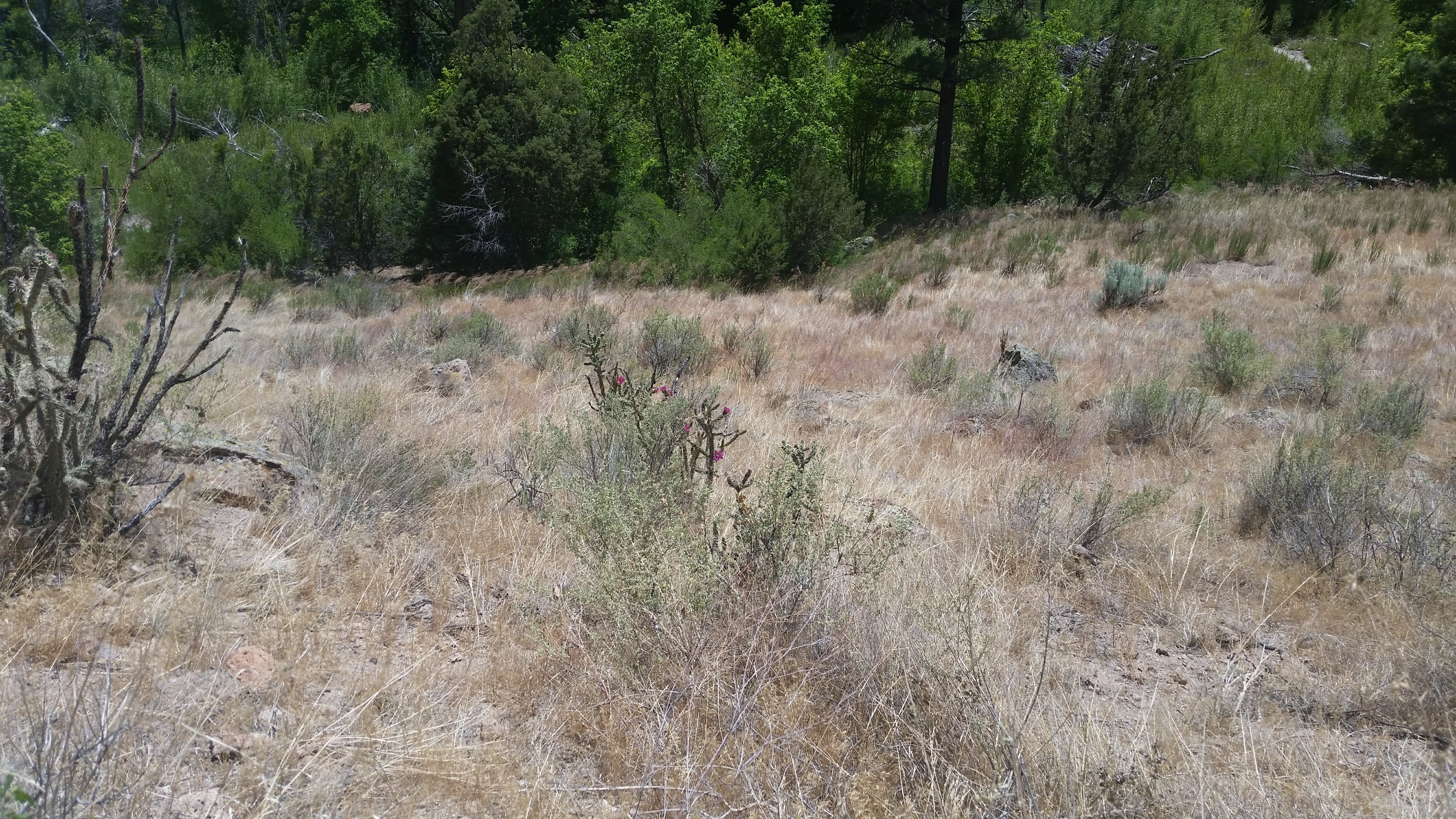 We walked for a ways through a fragrant, piney forest, crossed a creek and climbed a dry, grassy path to see the pueblos.
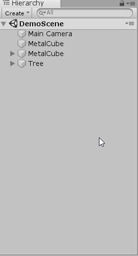 游戏对象可以按父子层级视图结构进行组织。游戏对象可以是其他游戏对象的子对象,这样就可以分组移动游戏对象(如果父对象移动,则其下所有子对象都会随之移动)。Hierarchy 窗口会显示场景中的所有游戏对象,并显示出父/子关系。
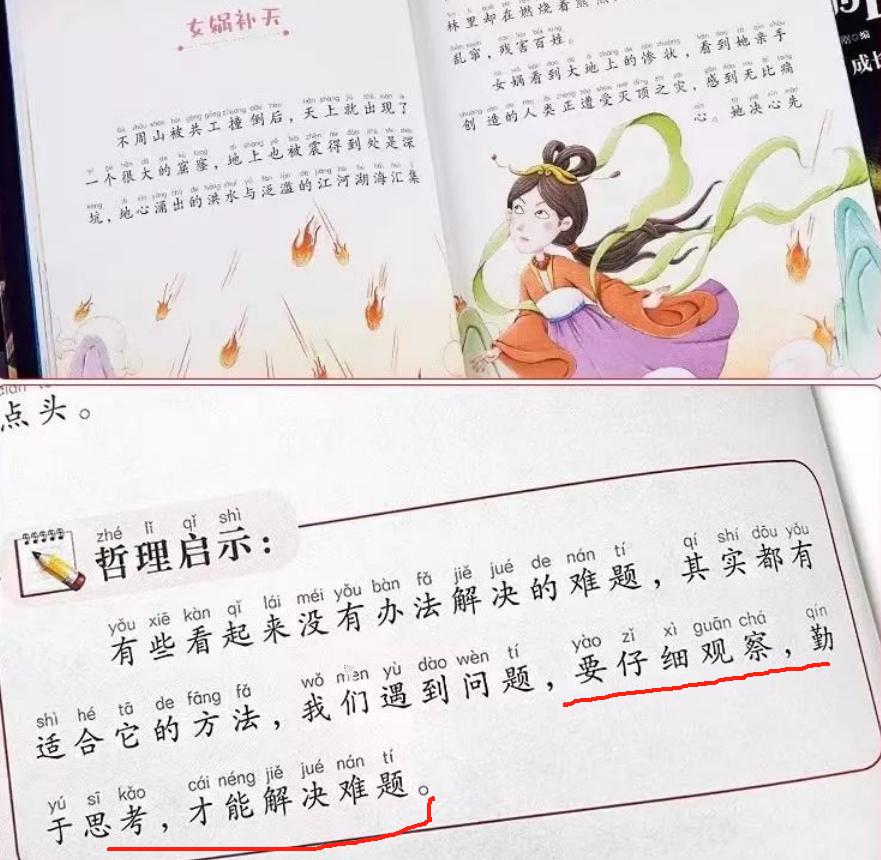 在這個過程中,孩子就開啓了“思考模式”,不僅是對故事的思考,其實也是對生活的思考,孩子的三觀開始建立。
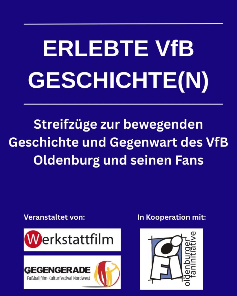 Seit vielen Jahren beschäftigt sich Werkstattfilm e.V. mit dem Verein, seinen Fans und seiner Identität. Wir möchten die Geschichte des VfB Oldenburg sichtbar und erlebbar machen und mit allen interessierten Menschen ins Gespräch gehen, die diese miterlebt haben und an kommende Generationen weitergeben möchten.
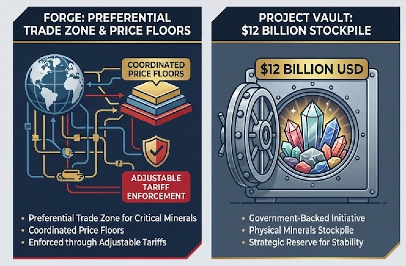 THE BRIEFING: On February 4, the U.S. convened 54 countries at the inaugural Critical Minerals Ministerial in Washington. The centerpiece was the Forum on Resource Geostrategic Engagement (FORGE), replacing the Biden-era Minerals Security Partnership. Vice President J.D. Vance described it as a “preferential trade zone for critical minerals” with “reference prices at each stage of production” maintained through “adjustable tariffs.” Two days earlier, Trump announced Project Vault, a $12 billion strategic minerals reserve backed by a $10 billion EXIM loan, the largest in the bank’s history. GM, Boeing, Google, Stellantis, and Corning have reportedly expressed interest in tapping the stockpile.
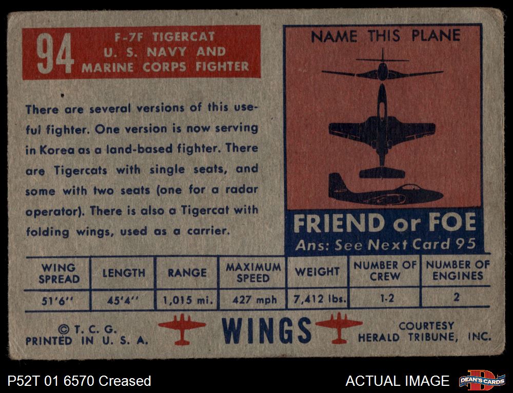 1952 Topps Wings #94  F7F Tigercat Front Thumbnail
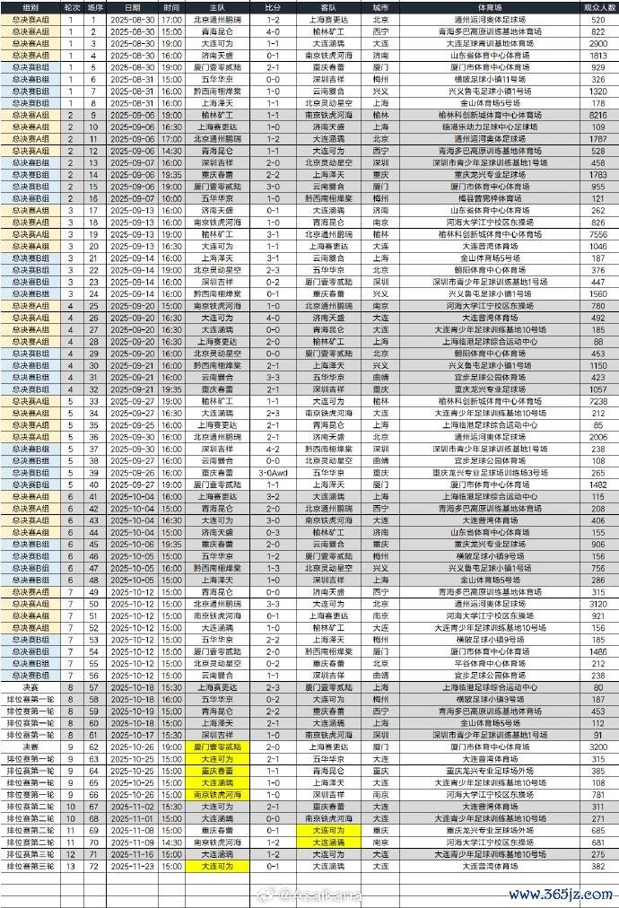 2025中冠联赛闭幕,厦门壹零贰陆、上海赛更达、大连可为取得升乙经历,另一个限额将在联赛殿军大连涵瑀和U21联赛冠军之间决出。本年中冠共进行了大区赛158场+附加赛4场+总决赛72场=234场比赛,现场不雅众总东谈主数为151354东谈主次,其中总决赛阶段69225东谈主次。
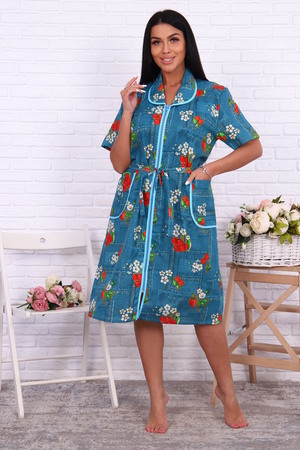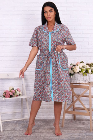 Женский домашний бязевый халат на молнии. С приспущенным рукавом и двумя накладными карманами, с поясом. Изделие окантовано бязевой окантовкой. Халат подходит для женщин любого возраста. В нём удобно и комфортно. Рекомендуемая стирка при 30°.
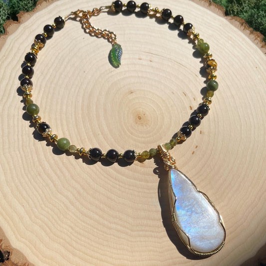 Julia • AAA Moonstone, Star Garnet, Jade + Green Garnet Necklace
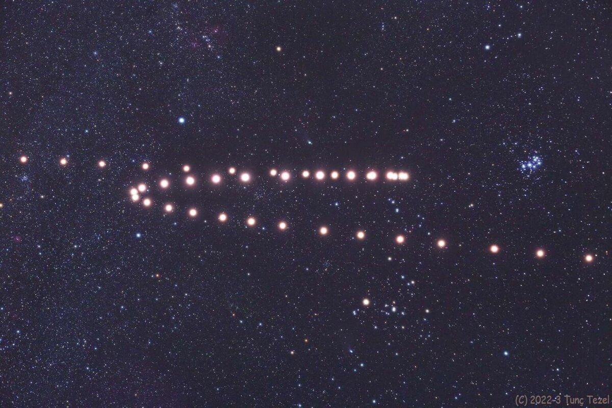 Нажмите, что бы скачать решение и ответы № 3 Это изображение смонтировано из фотографий, полученных с интервалом в неделю. На нём запечатлено движение одной из планет на фоне далёких звёзд. Открыть изображение в новой вкладке Сколько месяцев длилась съёмка? Ответ округлите до целых. Число Что это за планета? Меркурий Венера Марс Уран Нетрудно заметить, что блеск планеты сильно изменяется во время съёмки. Максимум приходится на центр «зигзага». Выберите верное объяснение этого наблюдения: Планета и Земля обращаются вокруг Солнца, поэтому расстояние между планетой и Землёй периодически изменяется. Чем ближе планета к Земле, тем ярче она выглядит Планета проходит через облака межпланетной пыли, которая частично поглощает свет и вызывает видимое потускнение небесного тела Радиус планеты периодически изменяется из‑за внутренних процессов. Чем больше планета, тем ярче она выглядит Нажмите, что бы скачать решение и ответы
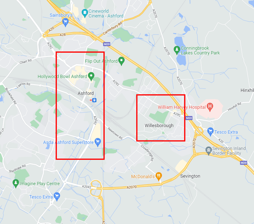 I have been working on an investment map for Ashford and am exclusively sharing these with you! I must stress these are suggested areas to focus your search upon. It does not mean that a property will not work if it is outside of the square, however it is worth focusing your search within the red square itself.
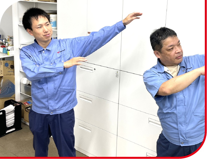 学生時代に野球をしており、身体を動かす事が好きなので、製造工場内で毎朝ラジオ体操をします。積極的にラジオ体操をすることで頭がさえ、身体もほぐれるので作業がしやすくなり、更には労災等の防止になると思っています。その後、朝礼がはじまり、その日の工程管理や部材等の確認。KY(危険予知)活動など部署内で情報を共有する大切な時間です。
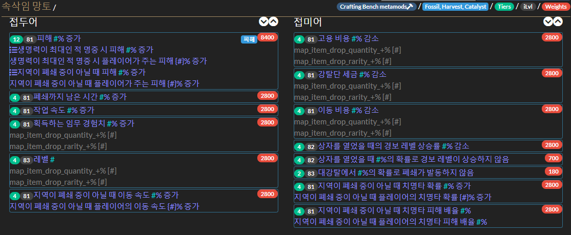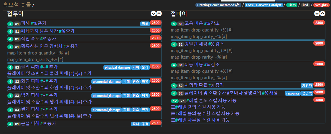 각 장비들은 접두, 접미 2개씩 총 4개의 옵션을 가질 수 있다.
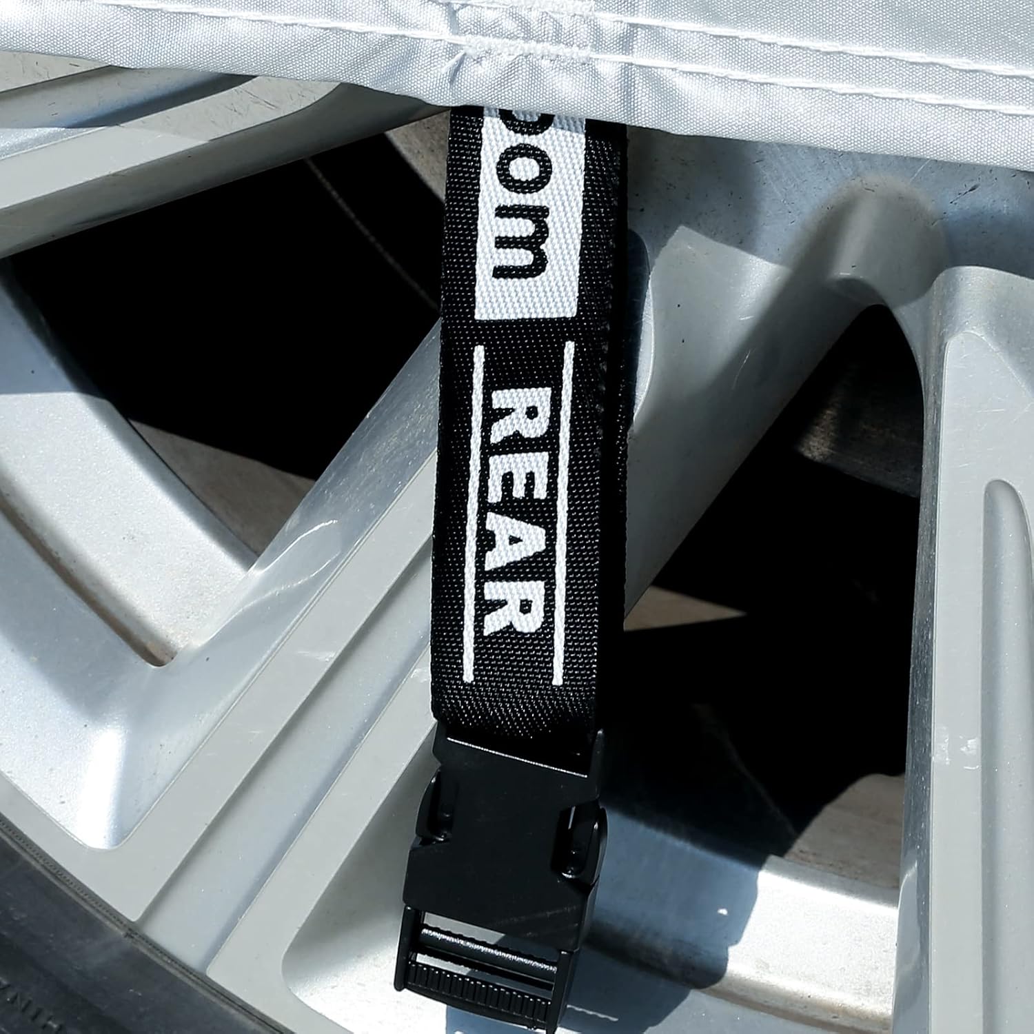 - 【Professional Design】1. driver door classic zipper design for easy access and convenient. 2. windproof straps & elastic hem at front and rear to protect your car cover from blown away by heavy wind. 3. equipped with combination lock, security anti-theft. 4. reflective stripes remind others at night. 5. mirror pockets.
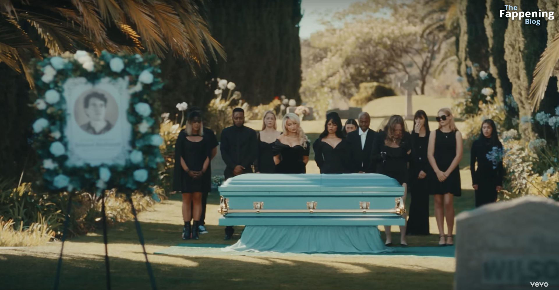 At the end of the video, the pair show up to his funeral in black funeral gear, giggling and sipping smoothies. The whole thing is full of campy horror references.
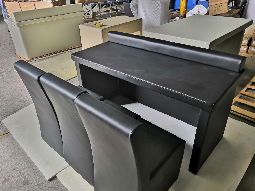 5、審訊桌采用長方形桌體,桌內(nèi)預(yù)留筆記本電腦及打印機(jī)電源及報警系統(tǒng),并采用隱蔽式安裝方式。
====================
What lines above run from the one with "각 장비들은 접두, 접미 2개씩 총 4개의 옵션을 가질 수 있다." to the one with "At the end of"? Give them again exactly, ends included, and leave the pictures out.

 각 장비들은 접두, 접미 2개씩 총 4개의 옵션을 가질 수 있다.
 - 【Professional Design】1. driver door classic zipper design for easy access and convenient. 2. windproof straps & elastic hem at front and rear to protect your car cover from blown away by heavy wind. 3. equipped with combination lock, security anti-theft. 4. reflective stripes remind others at night. 5. mirror pockets.
 At the end of the video, the pair show up to his funeral in black funeral gear, giggling and sipping smoothies. The whole thing is full of campy horror references.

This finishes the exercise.